The catalogue contains collections of:

=== Academics & Historians ===
Including: Dr Kathleen Barker (1925–1991), Richard Digby Day (b. 1941), George Rowell (d. 2001), Richard Southern (1903–1989) and Glynne Wickham (1922–2004)

=== Actors ===
Including: Sir Herbert Beerbohm Tree (1852–1917), Honor Blackman (b. 1925), Stephanie Cole (b. 1941), Edward Gordon Craig (1872–1966), Cyril Fletcher (1913–2005), Rosalinde Fuller (1892–1982), Joyce Grenfell (1910–1979), Sir Henry Irving (1838–1905), Harry Brodribb Irving (1870–1919), Miriam Karlin (1925–2011), Hannah Murray (b. 1989), Leon Quartermaine (1876–1967), Arnold Ridley (1896–1984), Jack Shepherd (b. 1940), Ernest Thesiger (1879–1961), Margaret Tyzack (1931–2011), Hermann Vezin (1829–1910), Peggy Ann Wood (1912–1998), and Susannah York (1939–2011).

=== Designers ===
Including: Graham Barlow (d.2003), Deirdre Clancy, David Cockayne, Edward Gordon Craig (1872–1966), Frederick Crooke (1908–1991), John Elvery (1939–1997), Paul Farnsworth, Laurence Irving (1897–1988), Oliver Messel (1904–1978), Motley Theatre Design Group, Patrick Robertson (1922–2009) and Rosemary Vercoe (1917–2013), Owen Paul Smyth (1895–1979), Yolanda Sonnabend (1935–2015), Alan Tagg (1928–2002), Julia Trevelyan Oman (1930–2003) and David Walker (1934–2008).

=== Directors ===
Including: Norman Ayrton (1924–2017), John Percy Burrell (1910–1972), Hugh Hunt (1911–1993), John Moody (1906–1993), David Phethean (1918–2001), Alex Reeve, and Jules Wright (1948–2015).

=== Organisations ===
Including: Bath Theatre Royal, Bristol Old Vic Company, Desperate Men, Old Vic (London), Shakespeare at the Tobacco Factory, Show of Strength Theatre Company, Theatre Roundabout, Welfare State International, Women's Playhouse Trust, The Critics' Circle, The Gallery First Nighters' Club, National Student Drama Festival, Royal Theatrical Fund, and the University of Bristol Department of Drama.

=== Writers ===
Including: Liane Aukin (1936–2016), Rosemary Davis (1926–2014), Kevin Elyot (1951–2014), Berta Freistadt (1942–2009), Margaret Macnamara (Margaret Mack) (1874–1950), Cecil Madden (1902–1987), George Frederic Norton (1869–1946), Sylvia Rayman (1923–1986), A.C.H. Smith (b. 1935), Phil Smith, Tom Vaughan (1911–1994), Fredrick Witney.

=== Others ===
Collections from a wide range of people connected to the business of theatre are also represented, for example: producers, managers, agents, photographers, marketing and wardrobe professionals.

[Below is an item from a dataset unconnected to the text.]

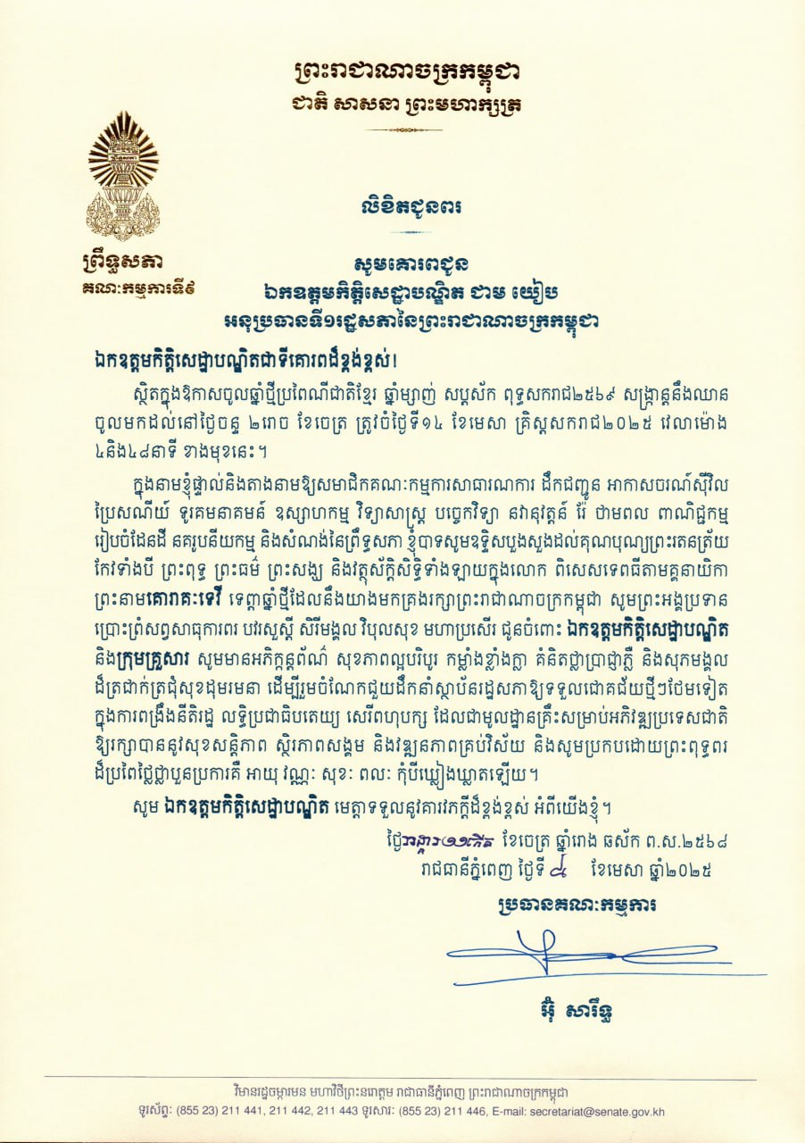 លិខិតជូនពររបស់គណៈកម្មការសាធារណការទី៩ ព្រឹទ្ធសភា ជូនពរក្នុងឱកាសចូលឆ្នាំថ្មីប្រពៃណីជាតិខ្មែរ ឆ្នាំម្សាញ់ សប្តស័ក ព.ស.២៥៦៩ សូមគោរពជូន ឯកឧត្តមកិត្តិសេដ្ឋាបណ្ឌិត ជាម យៀប អនុប្រធានទី១រដ្ឋសភានៃព្រះរាជាណាចក្រកម្ពុជា

== Mander and Mitchenson Theatre Collection ==

In December 2010 the theatre collection of the actors and historians Raymond Mander and Joe Mitchenson was legally transferred in its entirety to the University of Bristol Theatre Collection. As an independent charity, the Mander and Mitchenson Theatrical Collection (MMTC) was already one of the three largest theatre history archives in the country. By incorporating the MMTC into its holdings, the University of Bristol Theatre Collection became one of the largest British theatre history archives in the world; in the UK second only to the Victoria and Albert Museum's Theatre & Performance Archive.

== Live Art Archives ==
The Live Art Archive holds physical information about existing Live Art / Performance Art materials, records and publications primarily in England and the UK. It includes the Record of Live Art Practice, the National Review of Live Art Archive, the Digital Performance Archive, the Arts Council England Live Art and Performance Archive, the Franko B Archive, Performance magazine Archive and the original tapes from the queerupnorth Video Archive, together with DVD copies for viewing.

== Library, Reading Room and Exhibition Space ==
The Theatre Collection has a reference library with over 25,000 books and more than 300 journal titles on all aspects of theatre. The catalogue can be viewed on the main University of Bristol Library site. Students, academics, and independent researchers can access the reference library and archival collections in the main reading room. Arranging an appointment in advance is highly recommended to facilitate object retrieval, particularly as some of the holdings are stored off-site.

The small exhibition area showcases aspects of the collections and is open to the general public.